Content starts

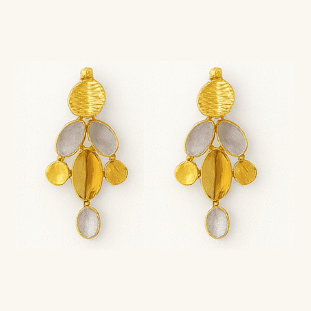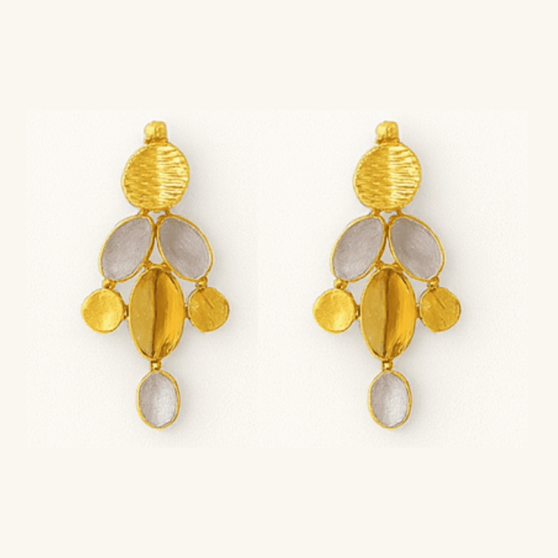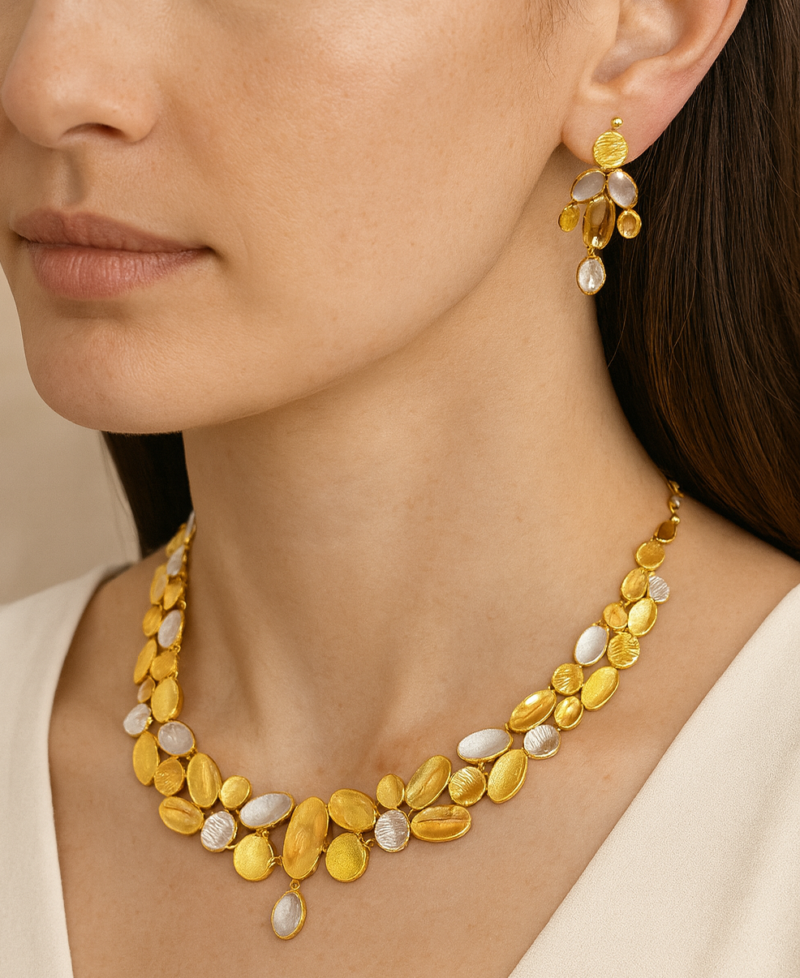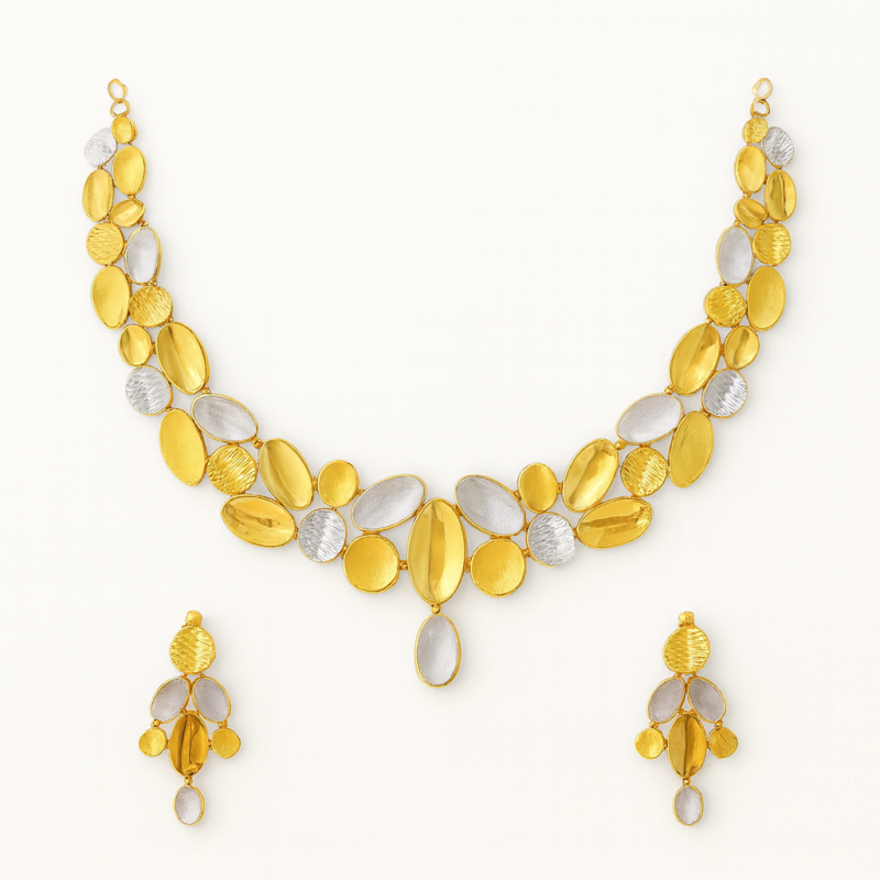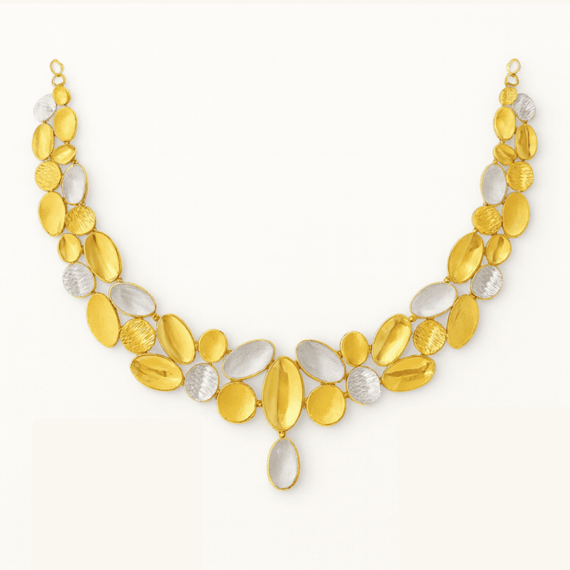 This 22kt gold necklace set is a true statement of artistry, blending timeless design with modern charm. Crafted in pure 22kt hallmarked gold, the necklace features a cascade of textured and polished oval motifs in dual tones, creating a striking play of shine and sophistication. Paired with matching drop earrings, this set is perfect for weddings, festive occasions, or as a treasured heirloom piece.
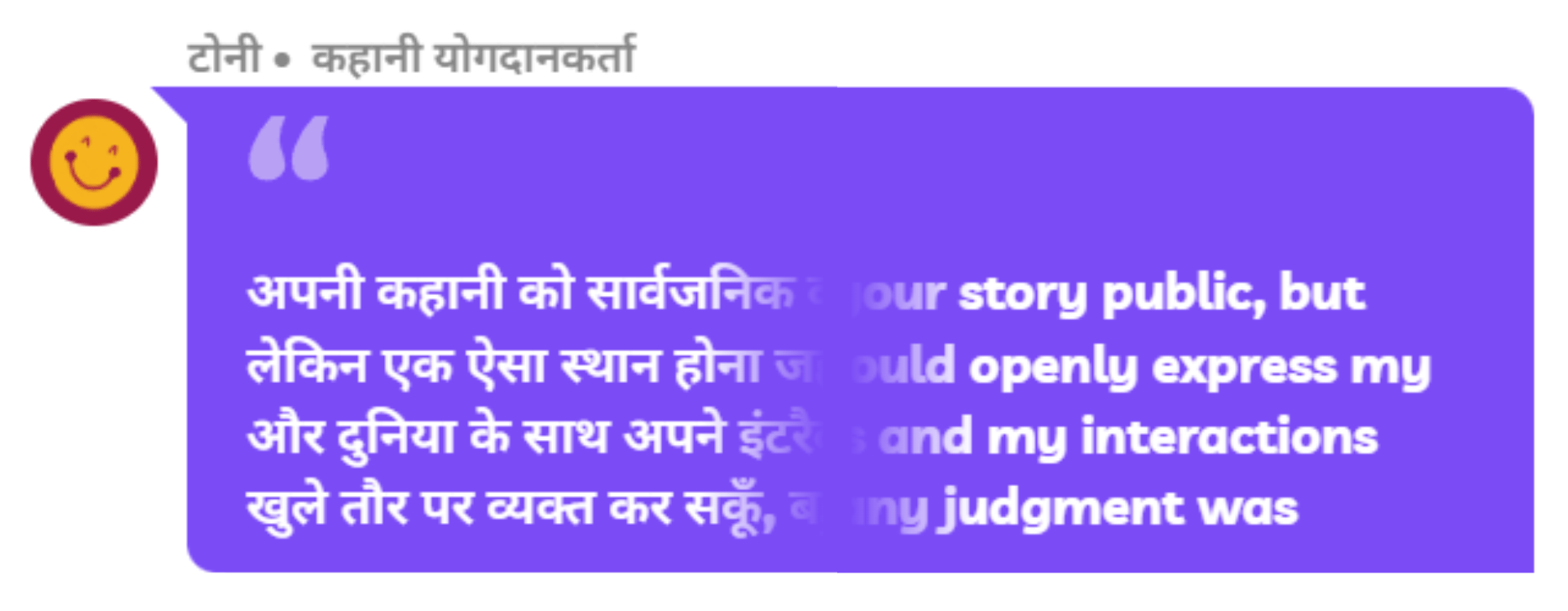IOTT conforms to i8n guidelines for multilingual web development. Each component, be it a button, placeholder, or story section, is available in Hindi and English.
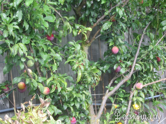 Теперь о деревьях. На участке их больше 20, я со счету давно сбилась. В основном все на шпалере вдоль забора. Есть даже распятый грецкий орех, на котором в этом году появились два первых орешка
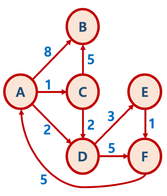 - 계산하더라도 A - F 거리가 6인 루트보다 무조건 더 긴거리가 나올 수 밖에 없음
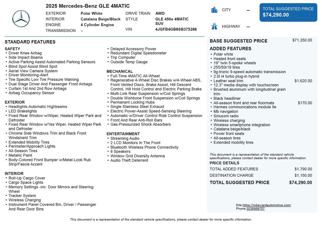 Polar White 2025 Mercedes-Benz GLE GLE 450e 4MATIC® 4MATIC® 9-Speed Automatic 2.0L I4 Turbocharged 2.0L I4 Turbocharged, 8 Speakers, Apple CarPlay®/Android Auto®, Automatic temperature control, Brake assist, Electronic Stability Control, Extended Mobility Tires, Exterior Parking Camera Rear, Four wheel independent suspension, Heated door mirrors, Heated front seats, Illuminated entry, Leather steering wheel, Navigation system: MBUX, Power Front Seats, Power Liftgate, Power moonroof, Power passenger seat, Remote keyless entry, Wheels: 19" Twin 5-Spoke.

Content ends

Give again, exactly as written above, each line from the one that has "IOTT conforms to" to the one that has "- 계산하더라도 A - F", both included; omit the pictures.

REPLY ::
IOTT conforms to i8n guidelines for multilingual web development. Each component, be it a button, placeholder, or story section, is available in Hindi and English.
 Теперь о деревьях. На участке их больше 20, я со счету давно сбилась. В основном все на шпалере вдоль забора. Есть даже распятый грецкий орех, на котором в этом году появились два первых орешка
 - 계산하더라도 A - F 거리가 6인 루트보다 무조건 더 긴거리가 나올 수 밖에 없음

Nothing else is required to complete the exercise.